Drink your well-deserved after-workout shake. This is our favourite, easy to make yourself: 300ml low-fat milk, 150g low-fat yoghurt, 25g honey, 10g whey powder, 1 banana.
#3 Miss out on your core-stability trainings
The secret to running is to do more than just running. If you want to go faster and better, a stronger body is what will push you forward. A strong abdominal core and strong legs will provide the perfect framework to gain speed in your running. Of course, exaggerations are not ideal either: a bodybuilder will not run faster. But, strong legs and abdomen will help you conquer bridges and hills, or make run faster on even ground.
Schedule your trainings as such that in between your running days, you go for core stability trainings or power classes. An ideal scheme for anyone hoping to bypass the 5km or looking to improve their overall fitness could be the following:
Day 1. Slow long distance Run
Day 2. Core stability training
Day 3. Interval Run
Day 4. Power training
Day 5. Rest
Day 6. Long slow distance Run
Day 7. Core stability training.
#4 Sidestep the carbohydrates
Misconception nr. 4: No, carbohydrates are not your enemy. Potatoes, rice, bread, pasta: you need these heavily! Without you can forget about gaining muscle mass. Of course, as always, do not exaggerate and look into the needs regarding your specific sport schemes.
On days of heavy weight-lifting or power trainings, you will need an above-average amount of carbohydrates.
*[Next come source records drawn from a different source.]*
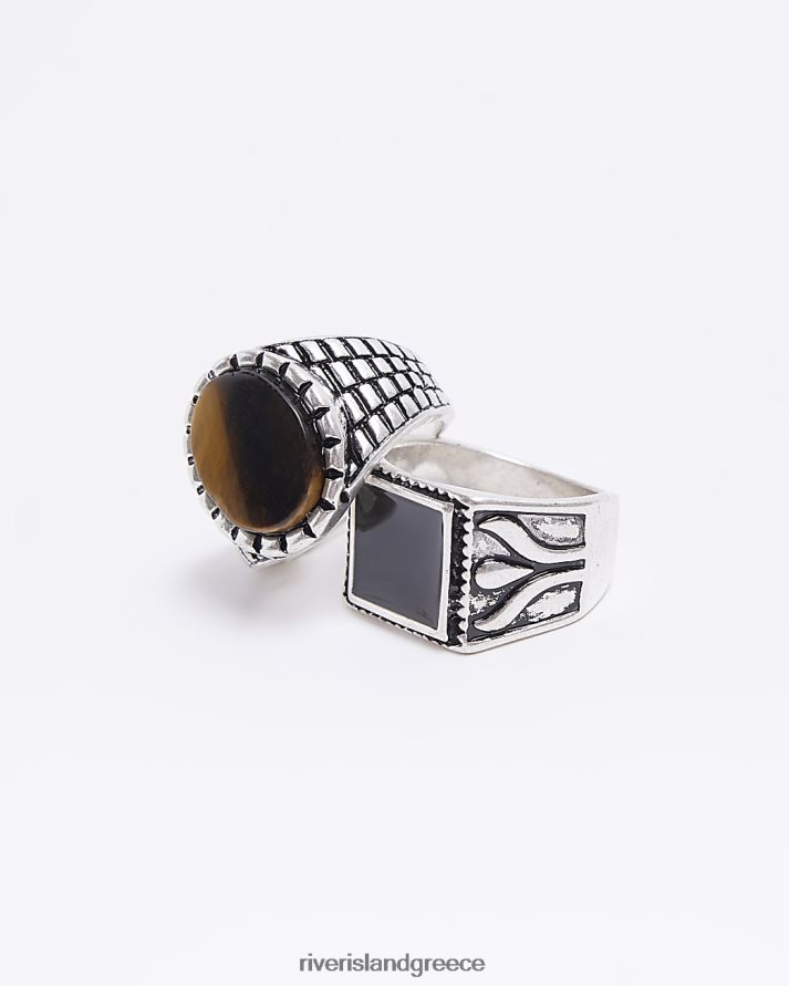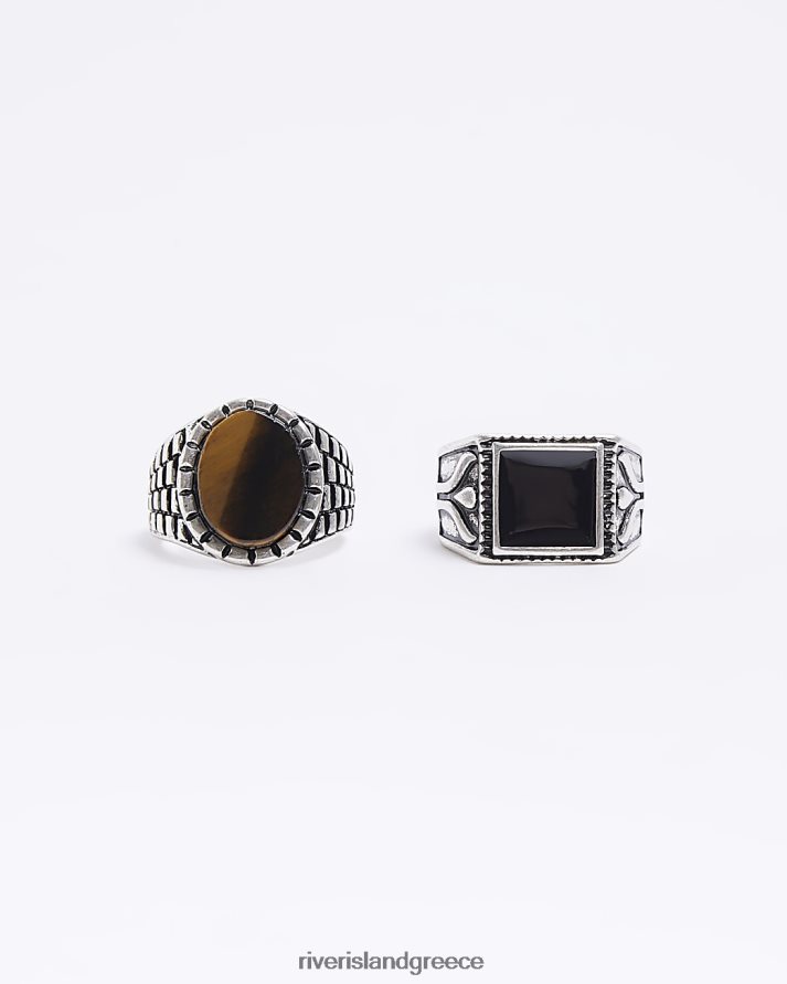 River Island αξεσουάρ ασήμι άνδρες έγχρωμη πέτρα πολυσυσκευασία με 2 δαχτυλίδια B6N8X5861
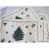 Linen Placemats are cream-colored & measure 12.5" x 19". They have the Original Christmas tree by Cuthberston in the center with packages, holy berries & mistletoe surrounding the tree. Rimmed with red, blue & yellow beaded garland. They are a cotton/Poly Blend, Made in the USA by Royal Linens
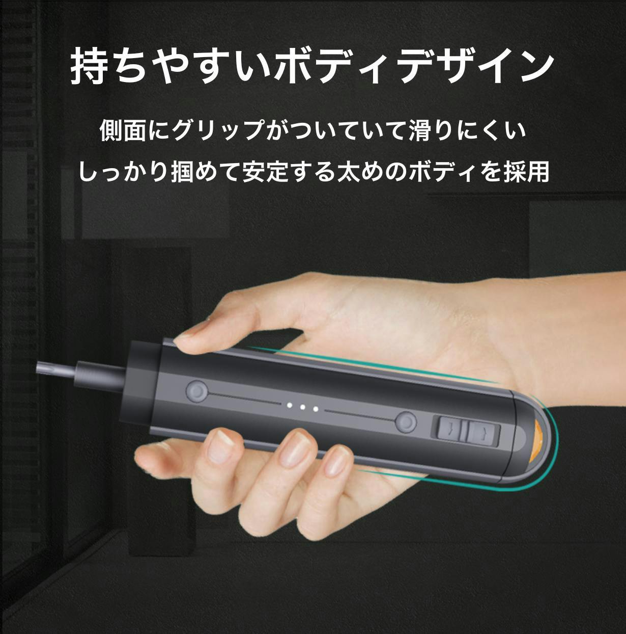 ロック機能と併用すれば、スイッチを押すだけでLEDライト付きの手動ドライバーとして使えます!
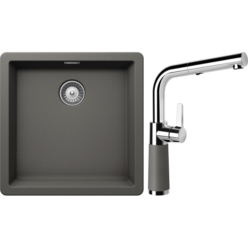 Cenově zvýhodněný set dřezu a baterie Schock S11-11 - obsahuje granitový jednodřez Greenwich N-100 Silverstone a baterii se sprchou SC-540.120 Silverstone.
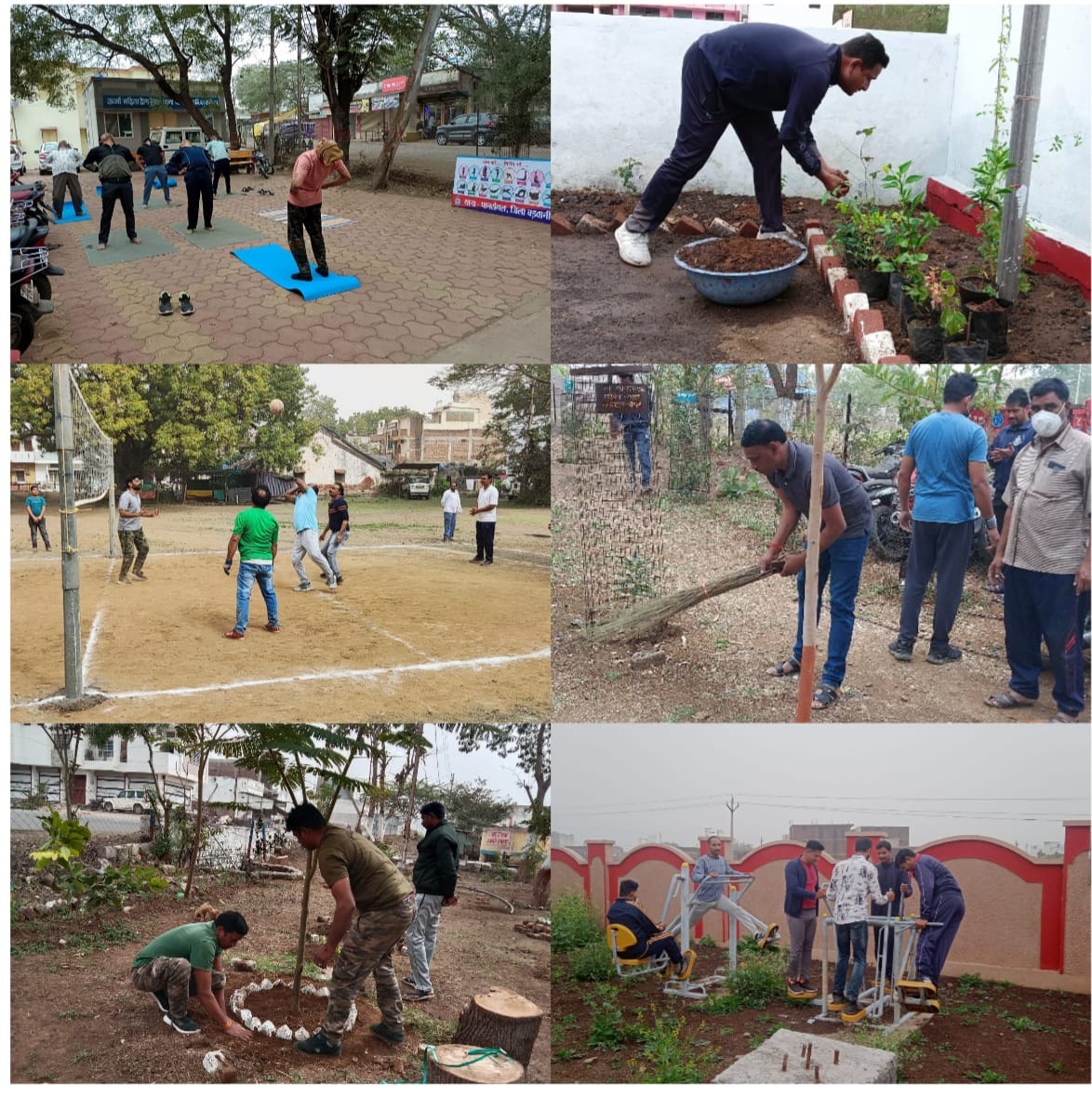 बड़वानी/ पुलिस अधीक्षक, श्री दीपक कुमार शुक्ला के निर्देशन एवं प्रेरणा से आज दिनांक 23.01.2022 रविवार को जिले के अलग-अलग थानों में पुलिस कर्मियों के बेहतर स्वास्थ्य , टीम भावना विकसित करने और तनाव से दूर रहने के लिये इकाई के समस्त थानों व चौकी पर प्रात:काल में योगा, प्रणायाम और शारीरिक व्यायाम का अभ्यास वर्ग चलाया गया । इसके अलावा खेल प्रेमी पुलिस अधिकारियों एवं कर्मचारियों के लिए बालीवाल, बेटमिटन आदि खेलकूद गतिविधियॉ एवं थाना परिसर के आस-पास सुरम्य वातावरण विकसित करने हेतु साफ-सफाई एवं थाने के संशाधनों का उचित रखरखाव हेतु टीम बिल्डिंग के साथ श्रमदान आदि गतिविधियो का आयोजन किया गया । योगा अभ्यास में कर्मचारियों को सूर्य नमस्कार शीर्षासन, सर्वागासन, चक्रासन, भुजंगासन, हलासन एवं तनाव को कम करने व रोगप्रतिरोधक क्षमता बढ़ाने हेतु हास्य योग करवाया गया।

On days of slow long distance runs, you won’t need an extra portion of pasta. Just remember: any training that involves power and muscle creation or anaerobe, very high intensity trainings, you will need to back up your body with extra fuels.
#5 Run just by yourself
Time is money, and sometimes you don’t feel like waiting for someone else to clear up their agenda. And even though, running by yourself can be relaxing from time to time, a running buddy is great to help keep pace and frequency. On the other hand, if you cannot train on your own and always need someone else to give you discipline, anything beyond the ordinary will not be within your scope. As always, it’s about finding balance.
Join a runner’s club or try to find a buddy nearby with the same motivations and speed(!). We run with Club 365 in Ghent (Gent) Belgium, guided by Belgium's best marathon coach Stefaan Enghels. After all, pleasure is only real when shared.